ACTION ITEM:
All lines from the one containing "[01:06.62] | 天使になったら…ごめんね。 |" through the last line of the listing should be given again exactly, with no pictures.

DATA TO USE:
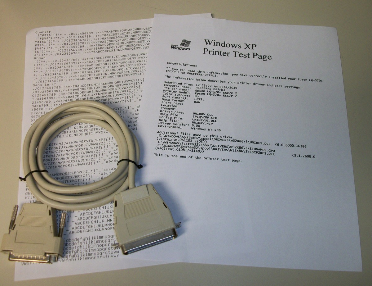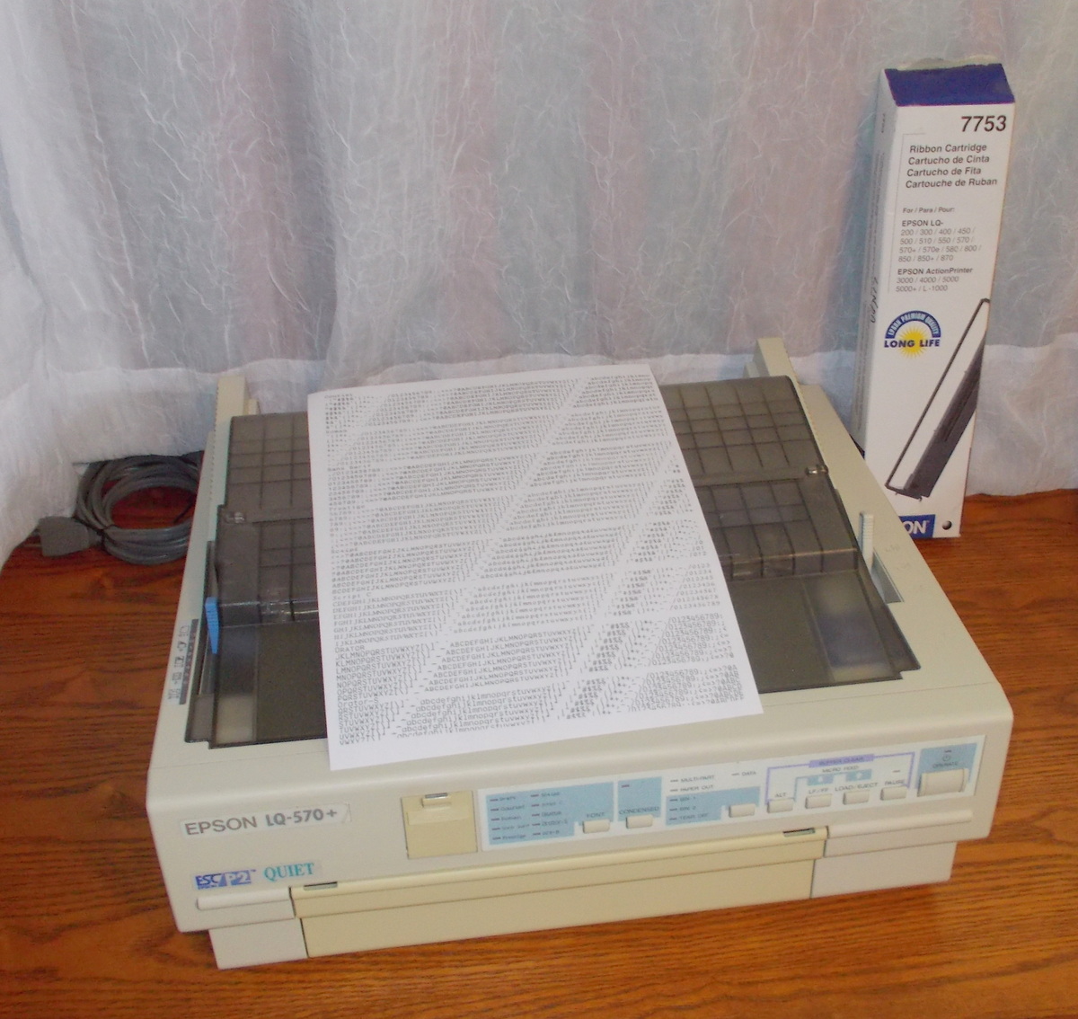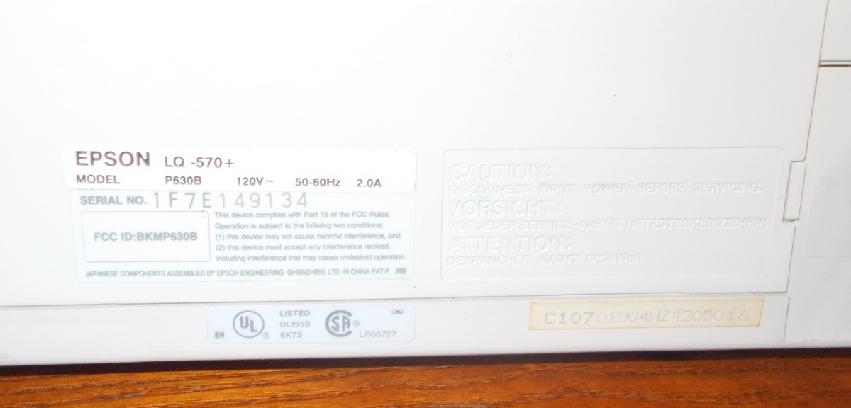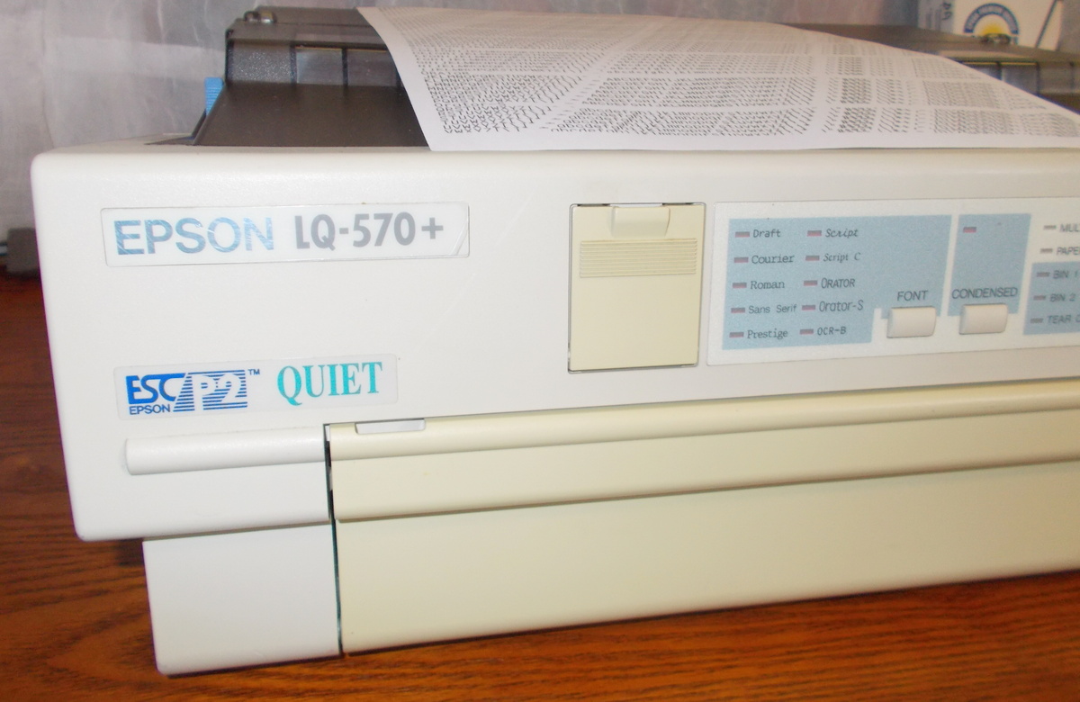 Up for sale is an old Epson LQ-570+ dot matrix printer. We powered it on and were successfully able to print a test page – see pictures, we also connected it to an old Windows XP computer and we were able to get it to print a test page. The test pages are in good condition since we installed a new, old stock ribbon into the printer to try it out. This comes with one extra ribbon in the original box – dated 2001 with ‘Linda’ written on it. If you would like to save on the shipping, you’re welcome to schedule an appointment and stop by to pick it up.
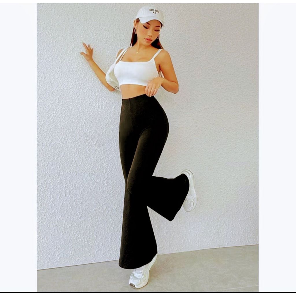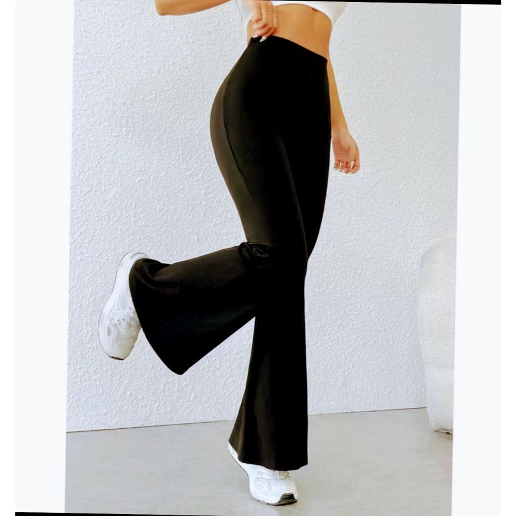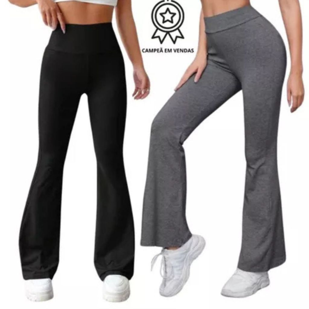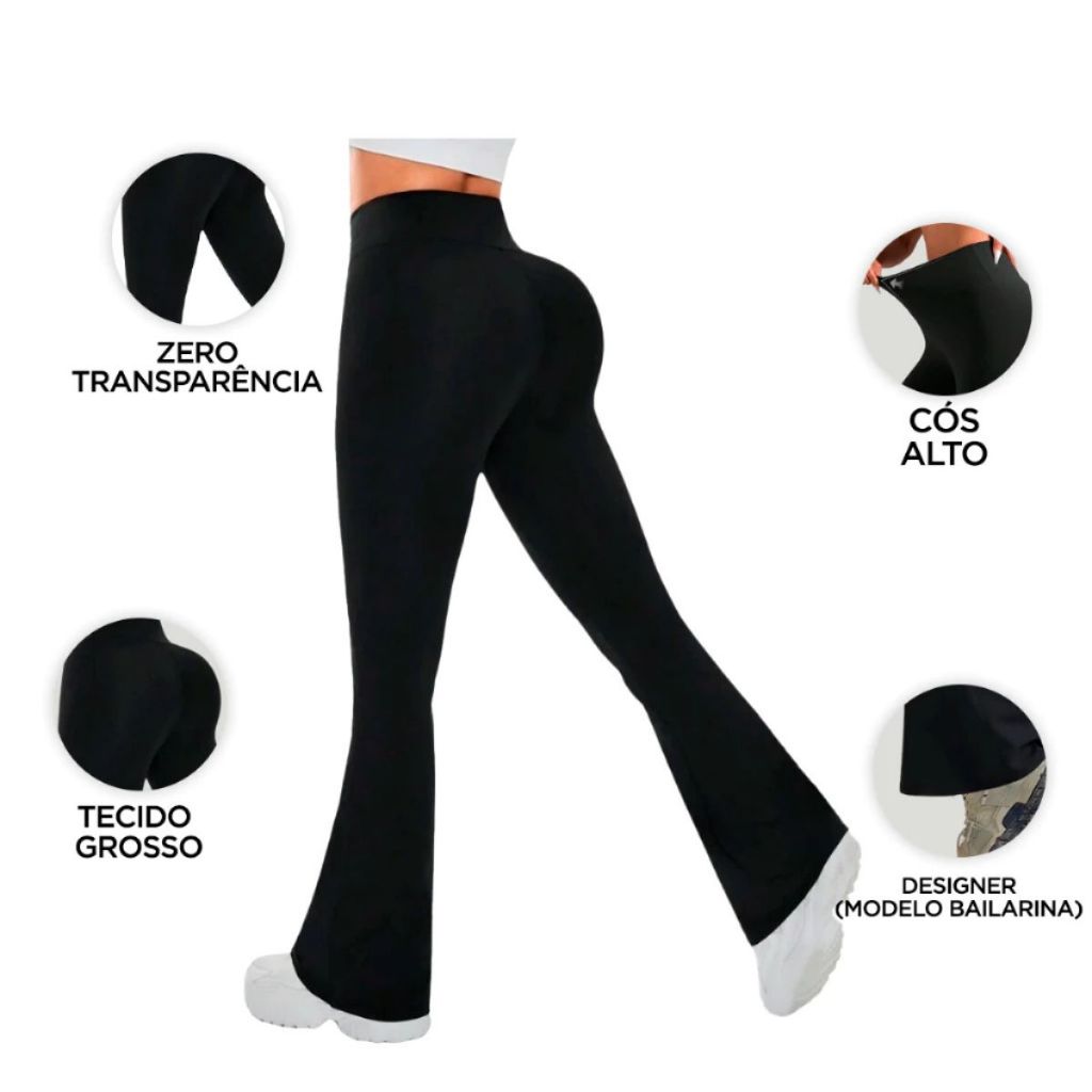 Kit 2 Calça Legging Flare Bailarina Suplex Cintura Alta Modela Bumbum Feminina Zero Transparência
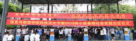 活动中,举行2019闽小信“科技三下乡”暑期社会实践出征仪式,由2018年暑期社会实践队长陈秋龙同学向2019年暑期社会实践队长王灵同学授旗。活动还宣传网络科技安全知识,落实党委宣传统战部转发的关于龙岩市防范非法集资宣传月活动的通知精神,组织师生“携手筑网 同防共治”远离非法集资、拒绝校园贷签名活动。
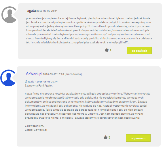 Takie działania pokazują, że przedsiębiorstwo dba o swoich pracowników. Połączenie merytorycznych odpowiedzi z przedstawieniem firmowych eventów pozytywnie wpływa na wizerunek przedsiębiorstwa. Tym samym zwiększa się szansa, że w przypadku pojawienia się negatywnych opinii na temat pracy w firmie, bezstronny użytkownik zaufa pracodawcy, bo ten dał mu ku temu stosowne podstawy.
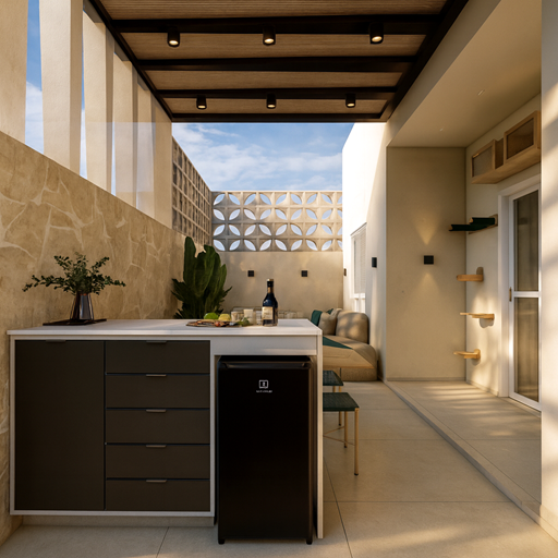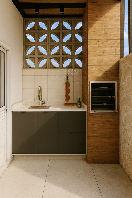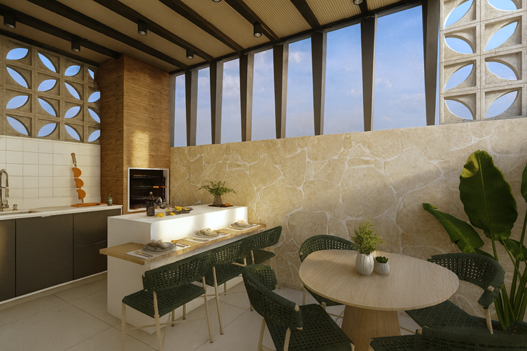 A materialidade desempenha papel central na construção da identidade do projeto. A presença da pedra moledo, da madeira e da telinha indiana introduz textura e naturalidade aos espaços, reforçando a sensação de conexão com elementos naturais e trazendo equilíbrio visual à composição.
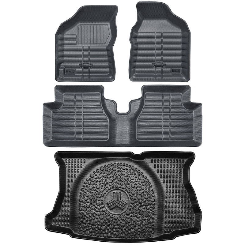 (کفپوش سه بعدی اکونومی ) محصول فوق کفپوش سه بعدی اتاق به همراه کفپوش صندوق مناسب برای انواع کوییک میباشد و رنگ بندی درج شده در ان مربوط به کفپوش اتاق میباشد و کفپوش صندوق تنها به صورت رنگ مشکی میباشد. در این کفپوش ها از مواد اولیه درجه یک پلی اتیلن برای رویه و نمد برای پشت کار استفاده شده است طراحی این کفپوش به شکلی بوده که به آن ظاهری سهبعدی بخشیده است. کفپوش فوق دارای سه تکهی مجزا بوده که دو تکه برای قسمت جلوی خودرو بوده و قسمت یکتکهی بزرگ برای قرارگرفتن در بخش عقبی خودرو طراحی شده است. این کفپوش بهخوبی کف خودرو را پوشش میدهد و مانع از خوردگی و ساییدگی آن میشود. این محصول به دلیل طراحی مناسبی که دارد، بهراحتی نمیلغزد و بهخوبی در جای خود قرار میگیرد. لطفا کفپوش های فابریک خودرو را خارج کنید تا برای کفپوش سه بعدی مزاحمت ایجاد نشود/
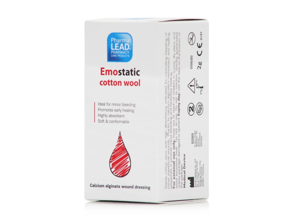 Αιμοστατικό βαμβάκι 2,5gr Pharma Lead που ενδείκνυται για μικρές αιμορραγίες και ρινορραγίες, μπλοκάροντας το αίμα και διευκολύνοντας την επούλωση.
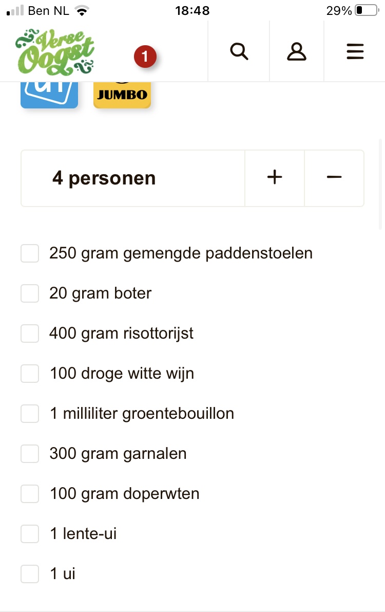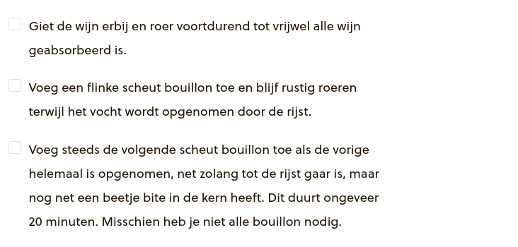 Het duurt even voor die 100 wijn geabsorbeerd is hoor, en een flinke scheut bouillon van die 1 milliliter valt ook niet echt mee. Je hebt misschien niet alle bouillon nodig staat er ook nog!
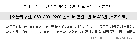 ▶ 관련기사 ◀ ☞4,000%↑날린 세력들! 이 종목에서 터뜨린다. ☞10배 급등 노린다면 이 종목은 무조건 사라! ☞3000% 세력이 만지는 大폭등주, 지금 증시 뒤집는다!
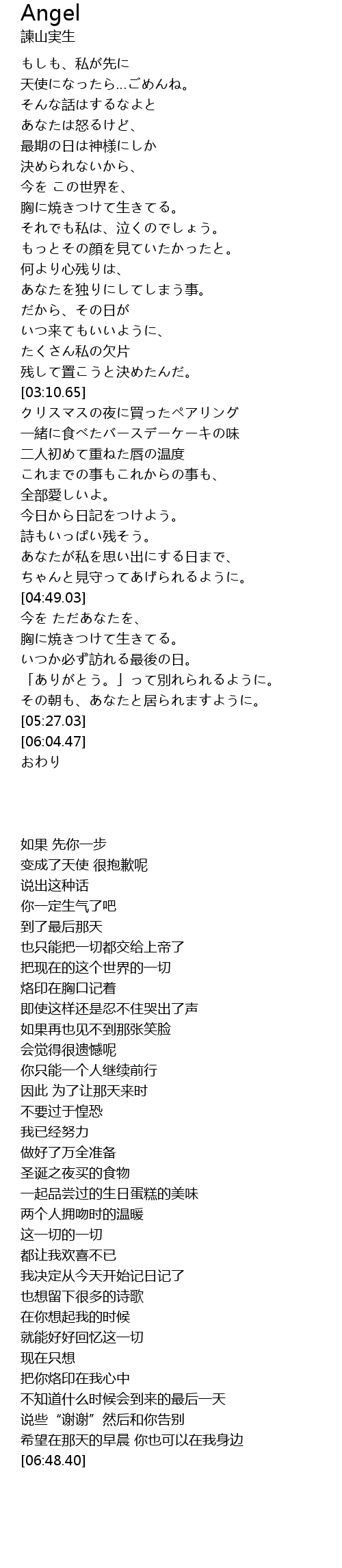 | [01:06.62] | 天使になったら…ごめんね。 |
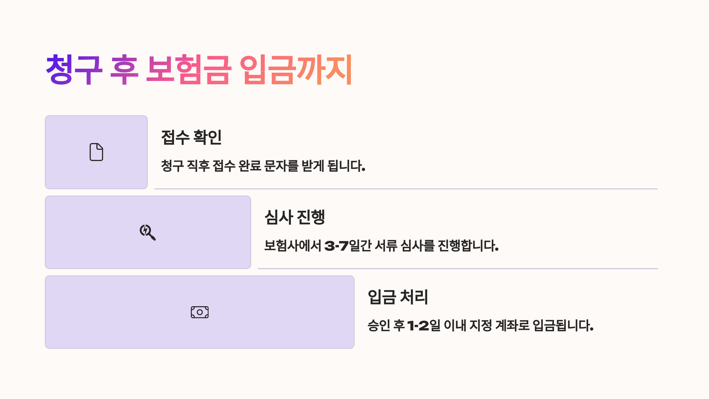 - ✅ 대부분 1~3일 내 보험금 입금 완료
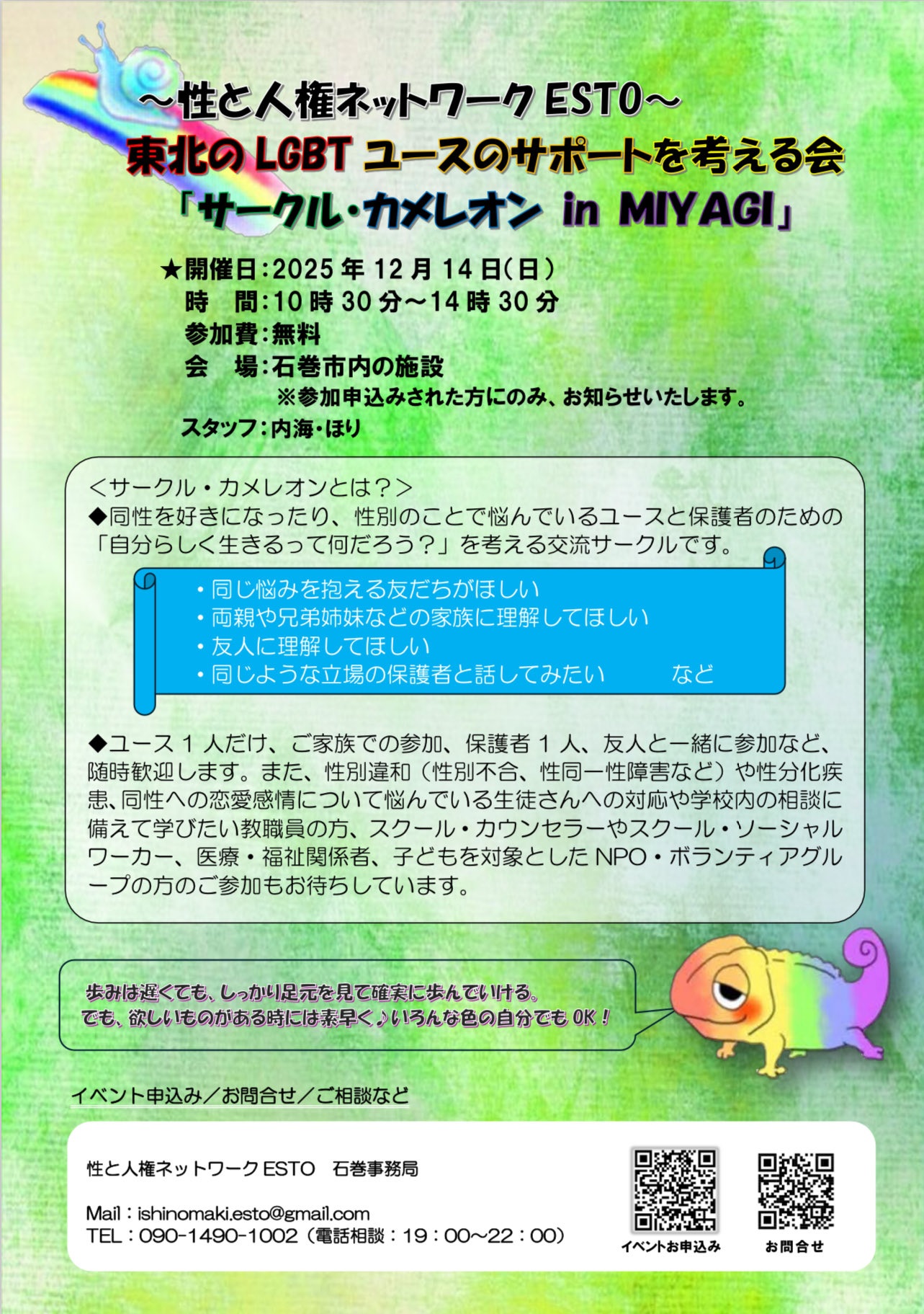 同性を好きになったり、性別のことで悩んでいるユースと保護者のための「自分らしく生きるって何だろう?」を考える交流サークルです。「性的マイノリティの児童・生徒にサポートを届けること-」を目的に、年代や性別を問わず、お気軽に参加できる場として開催しています。
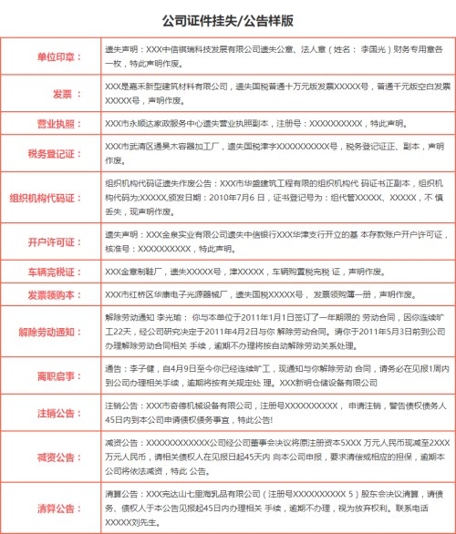 遗失声明登报要求:

ANSWER TO THIS EXERCISE:
 | [01:06.62] | 天使になったら…ごめんね。 |
 - ✅ 대부분 1~3일 내 보험금 입금 완료
 同性を好きになったり、性別のことで悩んでいるユースと保護者のための「自分らしく生きるって何だろう?」を考える交流サークルです。「性的マイノリティの児童・生徒にサポートを届けること-」を目的に、年代や性別を問わず、お気軽に参加できる場として開催しています。
 遗失声明登报要求:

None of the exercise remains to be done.